Man Run Over at Fast Food Window
Prompts Industry Action

(AP) Palo Alto. A Palo Alto man known as the Sultan was tragically hit by a car early last Sunday morning while standing at the drive-thru window of a local Jack-in-the-Box restaurant. It was approxiamately 3:15am when an aquamarine Acura Integra drove through the Jack-in-the-Box drive-thru lane and ran over the Sultan and then repeatedly backed up and ran him over again and again.

The driver of the car, one Victor C. Wykoff of Mountain View, said he felt he was not to blame. "Look, I know Jack-in-the-Box, and my friend here, Franklin Baez, he's pretty familiar with Jack-in-the-Box too, and we know they have a policy against serving pedestrians from the drive-thru lane. So we figured there wouldn't be anyone there, so I just floored it. I mean, what the #%@$! If some fool is so stupid that he thinks he is gonna get served on foot, he deserves to die and I wanna wrap my fender around his little brain. I wanna hear my fan belt tear into his flesh."

The Jack-in-the-Box manager on duty, Juan Valdez , said that it is indeed against company policy to serve pedestrian customers from the drive-thru window. Mr. Valdez explained that the customer had been refused service but was standing at the window and demanding two tacos and simultaneously discussing Central American cultural and political issues. Meanwhile, Mr. Valdez continued, another customer was screaming into the drive-thru microphone that he was going to sue Jack-in-the-Box for Vehicular Discrimination. This second customer was not hurt but fled the scene immediately after the Sultan was hit along with several women who are believed to comprise the Sultan's entourage.

Mr. Wykoff has been released on his own recognizance while the Sultan is being guarded at Stanford University Hospital.
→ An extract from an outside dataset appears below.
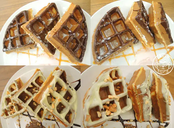 香蕉巧克力冰淇淋鬆餅(190元)、牛奶糖白巧克力冰淇淋鬆餅(190元)

The Sultan will face charges of ignoring Fast Food Etiquette and could recieve up to ten years in prison, or be forced to eat as many as six Colossus burgers while being denied both CPR and balloon angioplasty.

Meanwhile police continue to search for the second pedestrian who is wanted for violating a new California law barring "verbal assault and battery with intent to incite rebellion amongst minority burger flippers." He has been described as "a no good, swearin', smart-ass-talkin', big-mouth-havin', disrespectin' saucy white male prone to alcohol abuse and sexual innuendo." Police say the description matches that of the man wanted for a recent altercation at The Edge dance club.

The incident is prompting industry action to reduce the number of drive-thru fatalities which have increased markedly in recent years. McDonald's corporation announced a plan recently to enclose it's drive-thru lane and equip a special entrance to the lane with special sensing equipment that will only open if a car is present. Burger King has rejected such a proposal due to fear that customers would leave their cars once the doors opened and still run to the window on foot. Jack-in-the-Box has not announed any formal plan as of yet. At a press conference earlier today a company spokesman simply repeated the word "hibiscus" for several minutes.

Meanwhile Senator Fienstein is proposing legislation that would require that all new "burger joints" on the information superhighway serve both customers in cars as well as on foot equally. Other Senators, including Senator Kennedy are also looking into equity issues concerning dining rights on the information superhighway.